* [Source material]:
━━━━━━━━━━━━━━━━

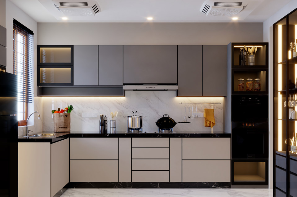 Designed as a comfortable home away from home, this alluring property in Hub Chowki is a modern retreat for city dwellers. We wanted to ensure the property’s exterior complemented the landscape, so we designed a sleek building façade with dark-coloured pergolas.
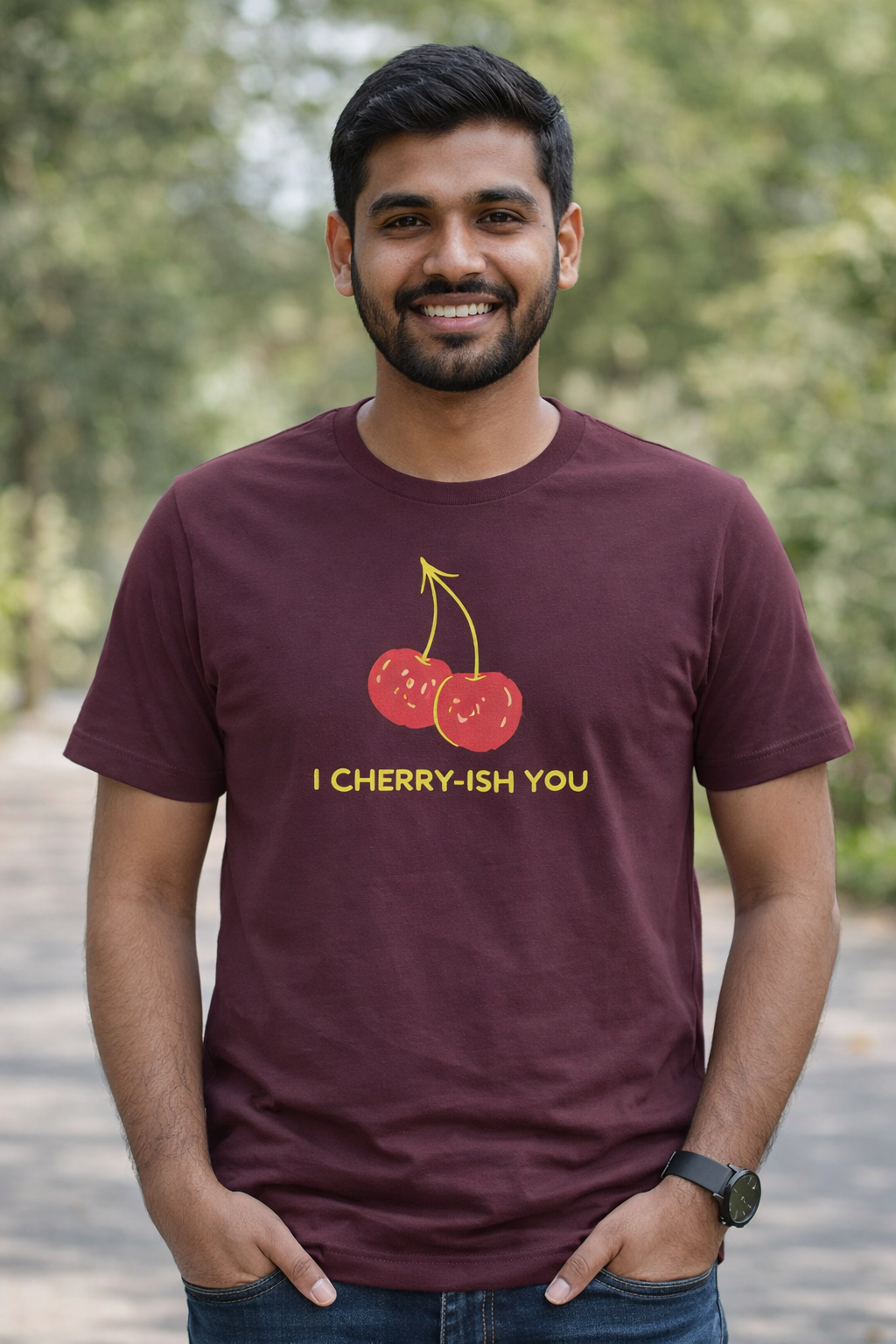 Cute, simple, and a little flirty—this “I Cherry-ish You” unisex t-shirt is perfect for everyday wear or gifting. Made with smooth 180 GSM bio-washed fabric and a classic round neck, it feels soft, breathable, and stays neat thanks to its pre-shrunk single jersey construction. Pair it with jeans, shorts, or joggers for an easy casual look.
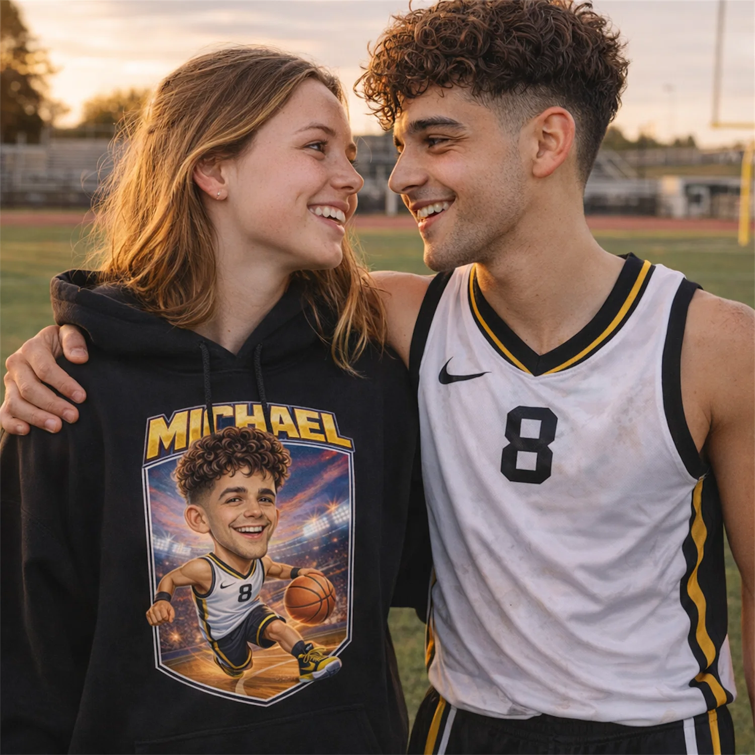 One custom illustration, three garments. Order the tee for warm gym days, the hoodie for cold arena mornings, or the crewneck sweatshirt for travel days to away games, all printed with the same bold personalized design.
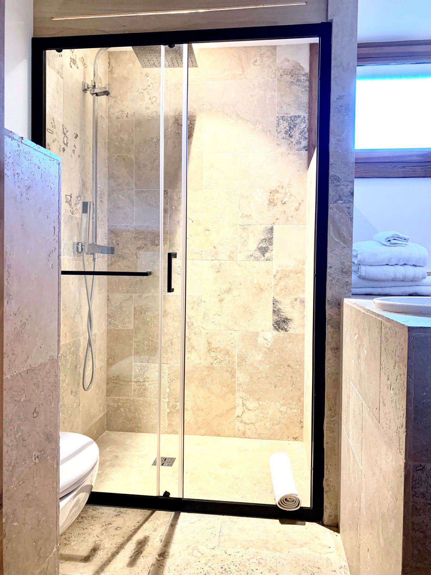 > une chambre en suite avec un lit de 140 avec une douche à l'italienne avec toilettes
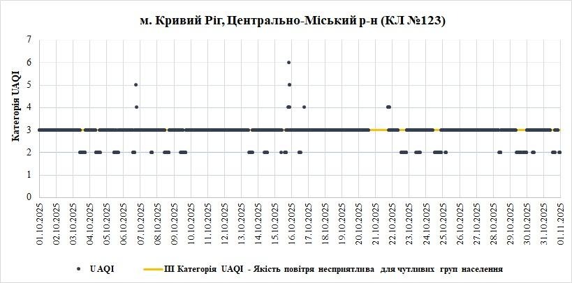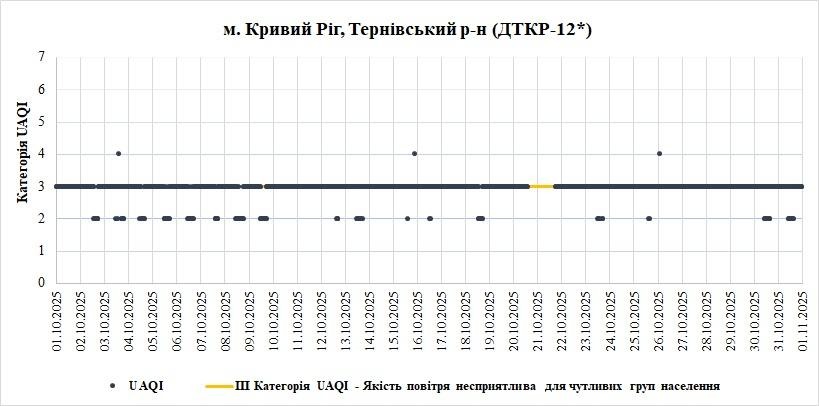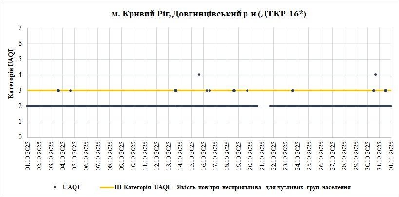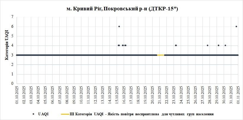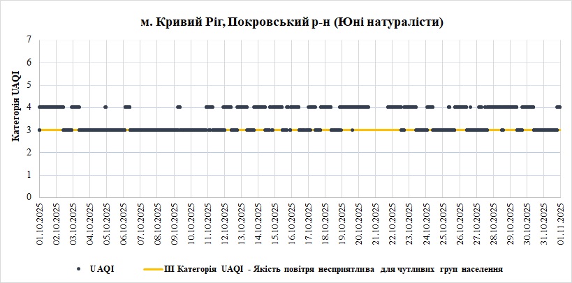У Жовтні найгірша ситуація спостерігалась на станціях «Юні натуралісти» та «ДТКР-15*» у Покровському районі. Переважною забруднюючою речовиною, що найчастіше впливала на індекс якості повітря – монооксид вуглецю (СО).
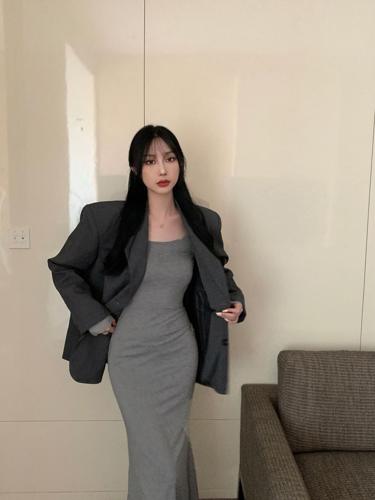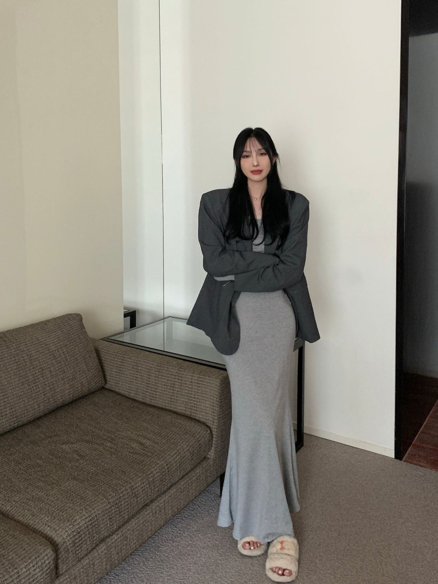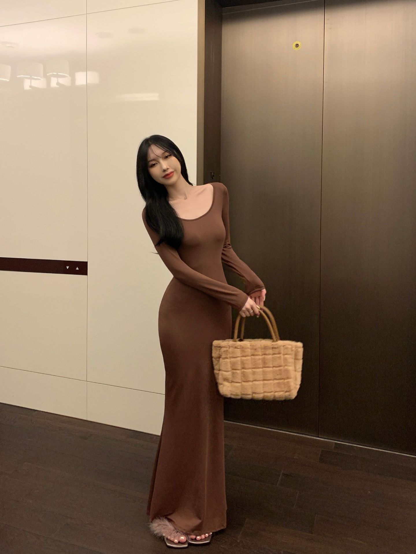 핫걸 섹시한 긴팔 드레스 여성 가을 2025 새로운 커피 컬러 바닥 긴 드레스 슬림 피쉬 테일 힙 스커트스토어 가기
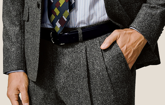 パンツも2タックの新型モデル。クラシックな印象に加え、ゆとりのある腰まわりが快適です。シルエットは細すぎないテーパード。
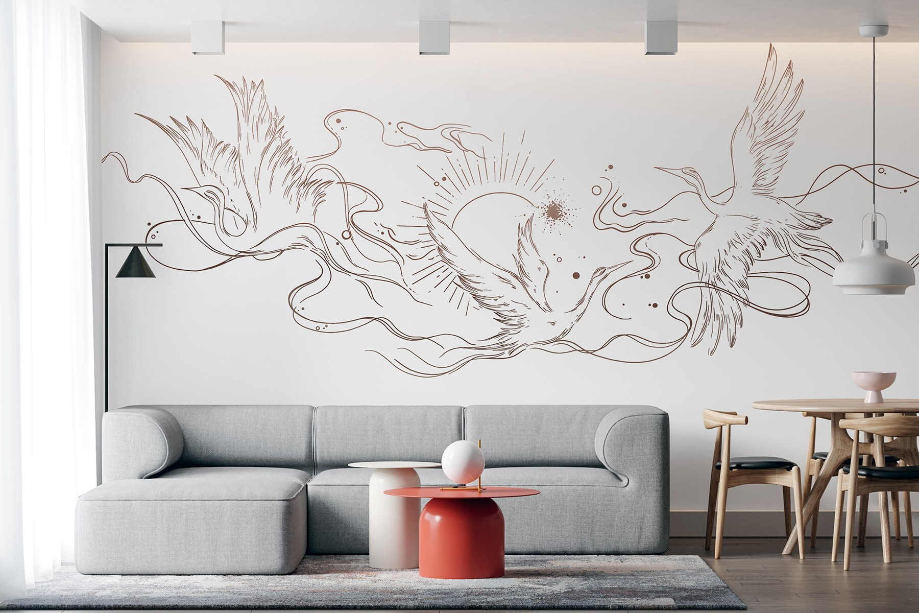 Premeňte svoje steny na pokojný únik s touto nádhernou nástennou maľbou s vtákmi tancujúcimi v slnečnom svetle. Jemné línie a decentné odtiene vdýchnu život každému priestoru a dodajú mu pocit útulnosti a prívetivosti. Predstavte si, že sa zobudíte na tento veselý výjav; je to ako mať kúsok prírody priamo doma. Perfektne sa hodí do obývačky alebo aj do zasnenej detskej izby, zahalí vašu miestnosť do tepla a rozmarnosti. Priatelia si budú myslieť, že máte atmosféru umeleckej galérie – možno to znamená, že je na rade večer pri víne, však? Pridajte túto nástennú maľbu a nechajte svoje steny rozprávať príbeh radosti a slobody.
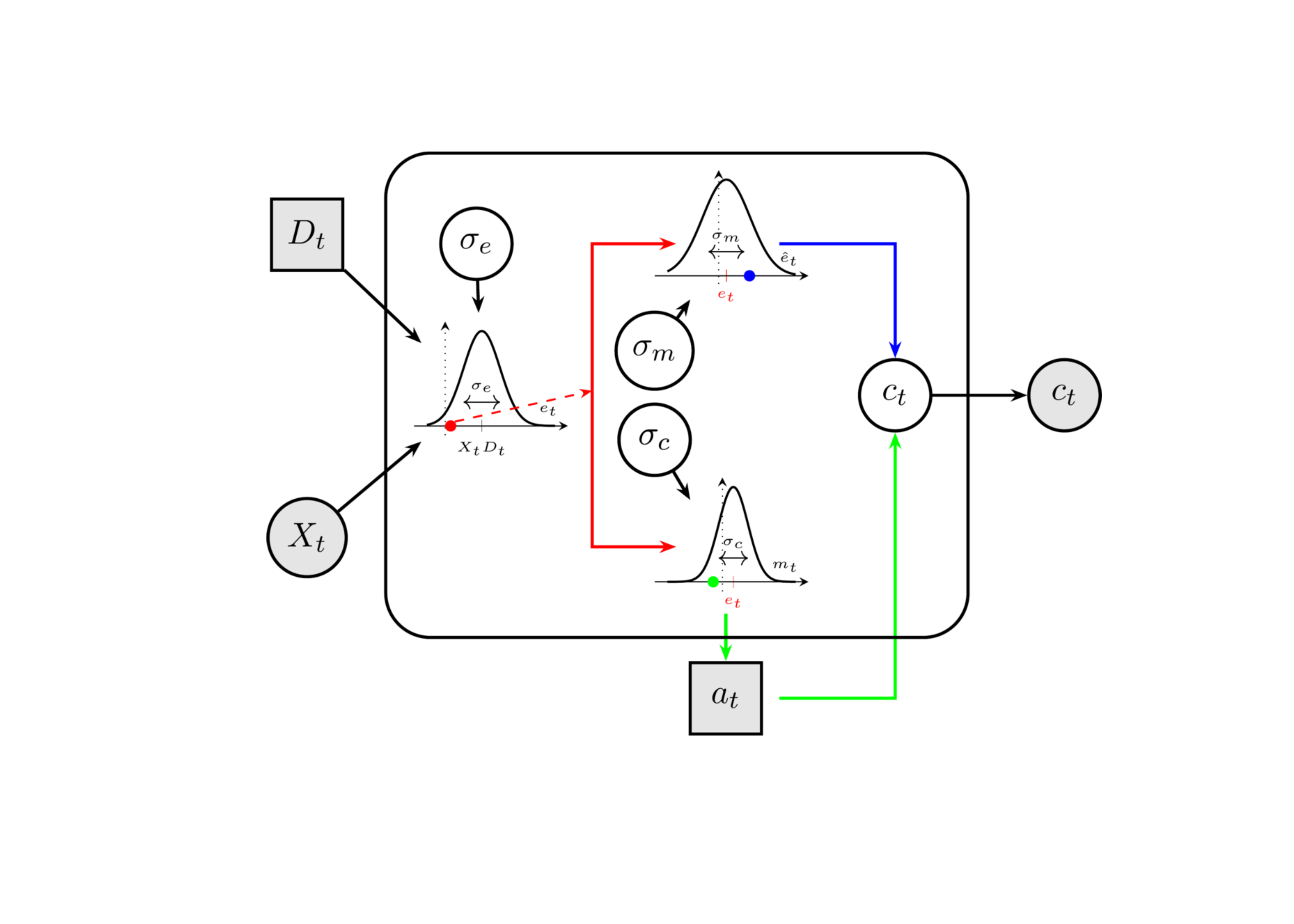 Because both \(e_i\) and \(c_i\) are normally distributed, their difference is also normally distributed and can be marginalized to obtain the probability of the action:

━━━━━━━━━━━━━━━━

* [What the task requires]: No pictures belong in the copy. Transcribe every entry exactly.

* [Task result]:
 Designed as a comfortable home away from home, this alluring property in Hub Chowki is a modern retreat for city dwellers. We wanted to ensure the property’s exterior complemented the landscape, so we designed a sleek building façade with dark-coloured pergolas.
 Cute, simple, and a little flirty—this “I Cherry-ish You” unisex t-shirt is perfect for everyday wear or gifting. Made with smooth 180 GSM bio-washed fabric and a classic round neck, it feels soft, breathable, and stays neat thanks to its pre-shrunk single jersey construction. Pair it with jeans, shorts, or joggers for an easy casual look.
 One custom illustration, three garments. Order the tee for warm gym days, the hoodie for cold arena mornings, or the crewneck sweatshirt for travel days to away games, all printed with the same bold personalized design.
 > une chambre en suite avec un lit de 140 avec une douche à l'italienne avec toilettes
У Жовтні найгірша ситуація спостерігалась на станціях «Юні натуралісти» та «ДТКР-15*» у Покровському районі. Переважною забруднюючою речовиною, що найчастіше впливала на індекс якості повітря – монооксид вуглецю (СО).
 핫걸 섹시한 긴팔 드레스 여성 가을 2025 새로운 커피 컬러 바닥 긴 드레스 슬림 피쉬 테일 힙 스커트스토어 가기
 パンツも2タックの新型モデル。クラシックな印象に加え、ゆとりのある腰まわりが快適です。シルエットは細すぎないテーパード。
 Premeňte svoje steny na pokojný únik s touto nádhernou nástennou maľbou s vtákmi tancujúcimi v slnečnom svetle. Jemné línie a decentné odtiene vdýchnu život každému priestoru a dodajú mu pocit útulnosti a prívetivosti. Predstavte si, že sa zobudíte na tento veselý výjav; je to ako mať kúsok prírody priamo doma. Perfektne sa hodí do obývačky alebo aj do zasnenej detskej izby, zahalí vašu miestnosť do tepla a rozmarnosti. Priatelia si budú myslieť, že máte atmosféru umeleckej galérie – možno to znamená, že je na rade večer pri víne, však? Pridajte túto nástennú maľbu a nechajte svoje steny rozprávať príbeh radosti a slobody.
 Because both \(e_i\) and \(c_i\) are normally distributed, their difference is also normally distributed and can be marginalized to obtain the probability of the action:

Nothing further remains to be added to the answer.